Finite element method is one the widely used approximate numerical method and its model of a problem gives a piecewise approximation to the governing equations. The basic premise of the finite element method is that a solution region can be analytically modeled or approximated by replacing it with an assemblage of discrete elements. Since these elements can be put together in a variety of ways, they can be used to represent exceedingly complex shapes. Though, the finite element method can be used to solve a very large number of complex problems, there are still some practical engineering problems that are difficult to address because we lack an adequate theory of failure, or because we lack appropriate material data. This is not a finite element problem, but is of serious concern to any engineer who wants to supplant testing with analysis. The use of analysis usually permits faster design turnaround, the exploration of widely varying environments, and the use of optimization tools.
The seismic analysis procedures outline in Universal Building Code (UBC) is static-force procedures, which assume that the entire seismic force due to ground motion is applied instantaneously. This assumption is conservative but greatly simplifies the calculation procedures. In reality earth quakes are time-dependent events and the full force is not realized instantaneously. The UBC allows, and in some cases requires, that a dynamic analysis be performed in lieu of the static—force method. Although much more sophisticated, often the seismic loadings are reduced significantly.

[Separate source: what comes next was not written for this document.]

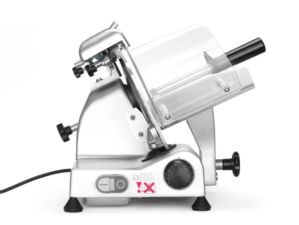 Voldoet aan alle veiligheidseisen voor commercieel gebruik door o.a.: - Met het mes in de 0-stand blijft het snijvlak achter de mesbeschermer - Beveiligd tegen inschakelen als de slijpinrichting niet gemonteerd is, beveiliging ook actief als de beschermplaat van het mes verwijderd wordt - Slede kan enkel vergrendeld en verwijderd worden als het mes in de 0-stand staat Niet geschikt voor het snijden van kaas, alleen mogelijk met apart verkrijgbaar mes met antikleefcoating.

2. Finite Element Methodology
The most common and effective approach for seismic analysis of linear structural systems is the mode superposition method. After a set of orthogonal vectors have been evaluated, this method reduces the large set of global equilibrium equations to a relatively small number of uncoupled second order differential equations. The numerical solution of those equations involves greatly reduced computational time.
2.1. Model Assumptions
Below are the assumptions made in the model in this research work:
1) The storage tank is full of water, hydrotest, for the worst case scenario. This gives maximum compressive load/force per leg support.
2) In determining the system mass matrix, lumped sum mass matrix is employed.

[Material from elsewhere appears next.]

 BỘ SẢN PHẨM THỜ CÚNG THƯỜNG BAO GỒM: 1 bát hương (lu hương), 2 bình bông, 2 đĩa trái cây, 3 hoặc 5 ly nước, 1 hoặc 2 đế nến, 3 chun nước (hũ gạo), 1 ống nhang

3) The only externally applied load/force is the weight of the content (tank full of water) and shell. Externally applied force on each of the leg is the sum of the weight of content (tank full of water) and shell divided by the number of legs. While there is base acceleration applied to the support due to seismic effect Figure 1.
4) Seismic effect on one of the storage tank support legs is representative of the effect of seismic load on the entire storage tank structure. If one of the legs fails due to seismic load, the entire structure fails Figure 2.

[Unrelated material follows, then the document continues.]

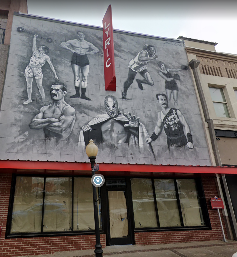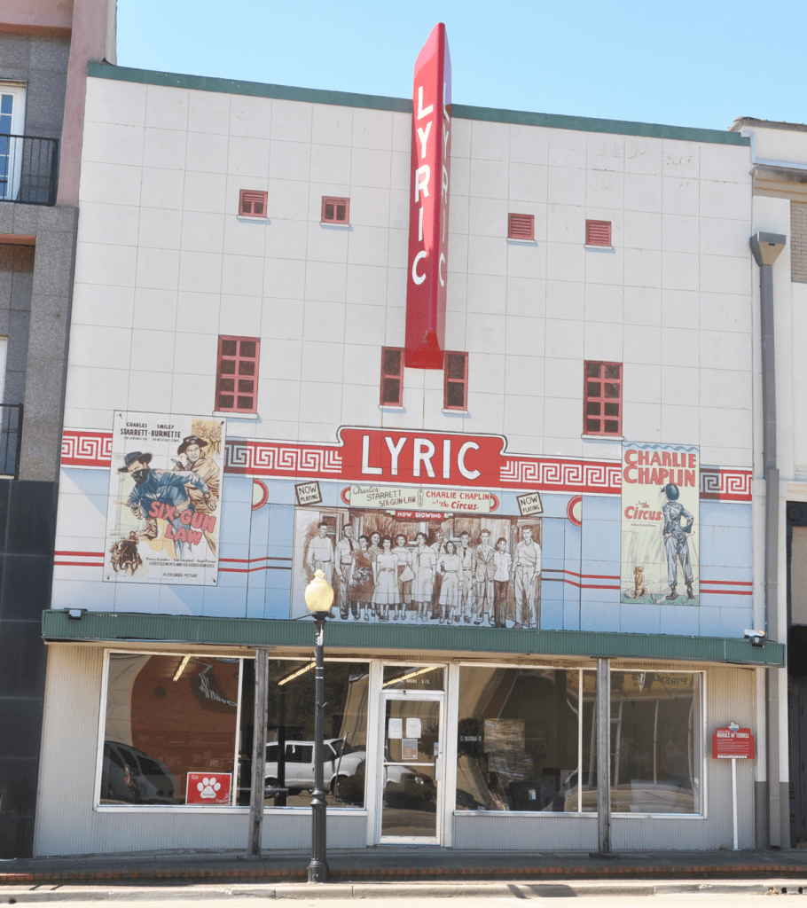 The long-closed Lyric Theatre in Terrell, TX has also been repainted. From this:

Figure 1. Typical vibration model with compressive force and earth/support motion.
Figure 2. Showing section of spherical tank with leg support.
2.2. Dynamic Equilibrium
Taking into account the equivalent static force, the general equations of equilibrium for a structure is as follows
(1)
where {F} is the force vector representing the external applied forces as a function of time. {F}dyn, is the assembled force vector for the complete structure due to inertia and damping forces. [K] is the system static stiffness matrix and {u} is nodal displacement.
For many structural systems, the approximation of linear structural behaviour is made to convert the physiccal equilibrium statement, Equation (1), to the following set of second-order, linear, differential equations, general equation of motion
(2)
where M is the mass matrix (lumped or consistent), C is a viscous damping matrix (which is normally selected to approximate energy dissipation in the real structure) and K is the static stiffness matrix for the system of structural elements. The time-dependent vectors, , and u are node accelerations, velocities and displacements respectively.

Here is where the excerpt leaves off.